To sum up the technical solution should be able to unify general intelligence operational data sources with the field based TTDIP data sources described above to be processed in batch, real-time or near real time by the TDAIP platform to provide SME’s with predictive or prescriptive analysis using graphical or GIS based interfaces.
How does TDAIP could facilitate prevention of terrorist acts similar to the one we saw in Paris and Brussels?
The example is generic and takes into account availability of Data Inputs that are available in a municipal terrain. First, the TDAIP integration and Analytical Platform needs to input for monitoring purposes should include but not limited the following sources
The input systems
- Physical Security Information Management (PSIM)-often part of “safe city” IT programs or sensitive locations protection systems.

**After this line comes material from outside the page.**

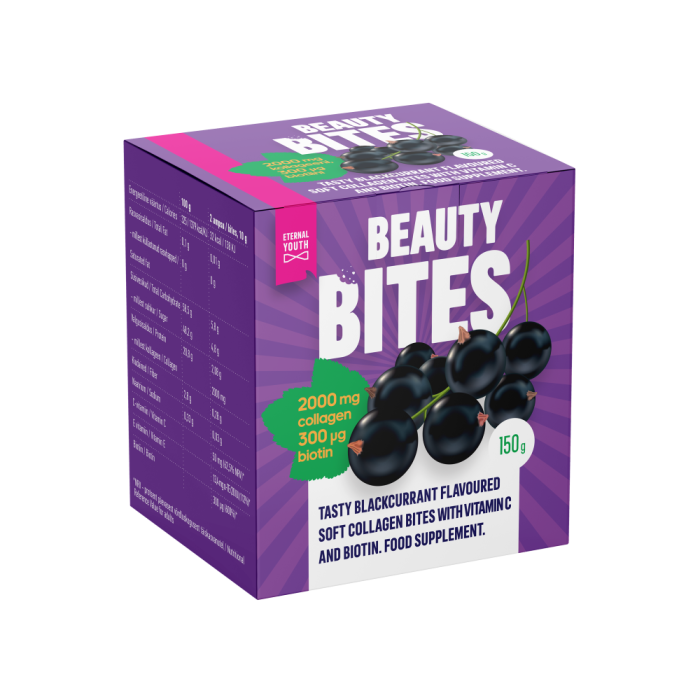 Glukoosisiirappi, sokeri, vesi, VERISOL® hydrolysoituja kollageenipeptidejä (naudasta), gelatiini, omenapyree, säilöntäaine (sitruunahappo, kaliumsorbaatti), C-vitamiini (askorbiinihappo), luontainen aromi (mustaherukka), luontainen väriaine (mustan porkkanan mehutiiviste), E-vitamiini (D-alfatokoferyyliasetaatti), biotiini.

- Law Enforcement and Intelligence Operational systems
- Sensor Network ICT Systems – IoT
- Wireless Sensor Networks – sensors that using wireless networks to communicate identification parameters
- Social media data interfacing – most common method in identifying radical communication
- Cell information technology monitoring – monitoring cell phone communication
- Intelligent Video Surveillance – video monitoring with face or other parameters identifiers.

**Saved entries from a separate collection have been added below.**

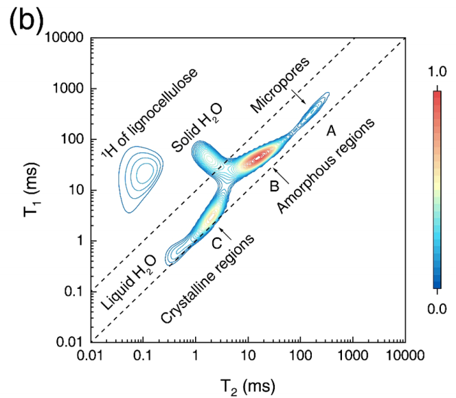 如圖 4 所示,(T2 = 0.1,T1 = 24)的自旋布居被分配給活桉樹的木質(zhì)纖維素中的質(zhì)子。對角線附近的自旋布居被分配給活桉樹內(nèi)的水。更具體地說,(1.7,2.3)和(1.9,49.6)的自旋布居被分配給結(jié)晶區(qū)域的水,(16.6,42.5)被分配給非晶態(tài)區(qū)域的水,(168.1,391.7)被分配給木質(zhì)部導(dǎo)管中的水。特別地,結(jié)晶區(qū)域中水的自旋布居呈現(xiàn)出兩種不同的形狀,一個平行于對角線的紡錘體和另一個垂直于對角線的紡錘體。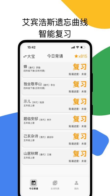 清晰明了的古诗学习计划,让未来多天的学习任务一目了然,一手掌握学习进度;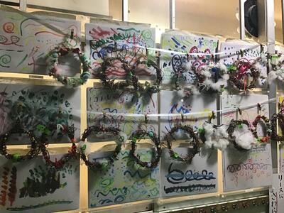4年生の図工では,「へんてこ山の物語」に取り組んでいます。これまで学習したスパッタリングや,吹き流しなどに加え,スポンジやスタンプなどを使って作品を作りました。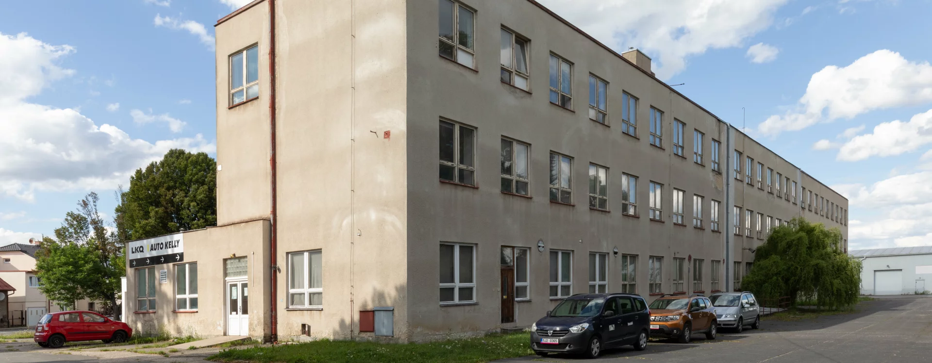 Two complexes were constructed within close proximity of each other. The first was the military barracks, located on a plot bounded by Čechova and Kpt. Nálepky streets, with the rear edge following the line of the Havlíčkův Brod–Humpolec railway. It comprised a two-storey building for enlisted personnel, its main facade facing the barracks courtyard (the military parade ground), and a building containing infirmaries with canteens, a guardhouse, and a detention cell. The eastern section was lined with garages, workshops and storage facilities, opening onto the courtyard. In the south-western corner were a gas training room and a reinforced storage room for munitions and signal flares. At the western edge of the site stood a residential building for officers and senior non-commissioned officers.

Safe City Communication and Infrastructure
- Crowd Surveillance – video monitoring of crowd using video, cell or sensor technology
- Physical Identity and Access Management (PIAM) Biometric or other type of scanning methods to control access to sensitive locations or terrain
- Suspect location based services – identifying location of cell phone or other digital devices using advanced GPS capabilities
Potential processing enablers
The following includes but not limited to processing enablers:
Sensor and Data Fusion Algorithms, Intelligent Video Surveillance (IVS) Technologies, Cloud Platforms, Behavioral Analyses, Real Time Automatic Alerts Software, Image Segmentation Software, Item Tracking Intelligent CCTV Surveillance Software, Object Sorting and ID, Item Identification and Recognition,, License Plate Recognition (LPR), Sorting Actions and Behaviors, Video Content Analysis, AI based Behavioral Profiling, Tag and Track, Kalman Filtering Techniques, Region Segmentation), Partially Observable Markov Decision Process, ‘Splitting’ items Algorithms, Dimension Based Items Classifiers, Shape Based Item Classifiers, Event Detection Methods, Vision-based Human Action Recognition, 3D Derived Egomotion, Path Reconstruction Software.
The amount of available data is growing and there is no sign of a slowdown. To better protecting the peace and safety of the population, companies that provide TDAIP products and services will assist military, intelligence and law enforcement services to harness it, analyze it with achieving strategic and tactical advantage in cities or even on military fields.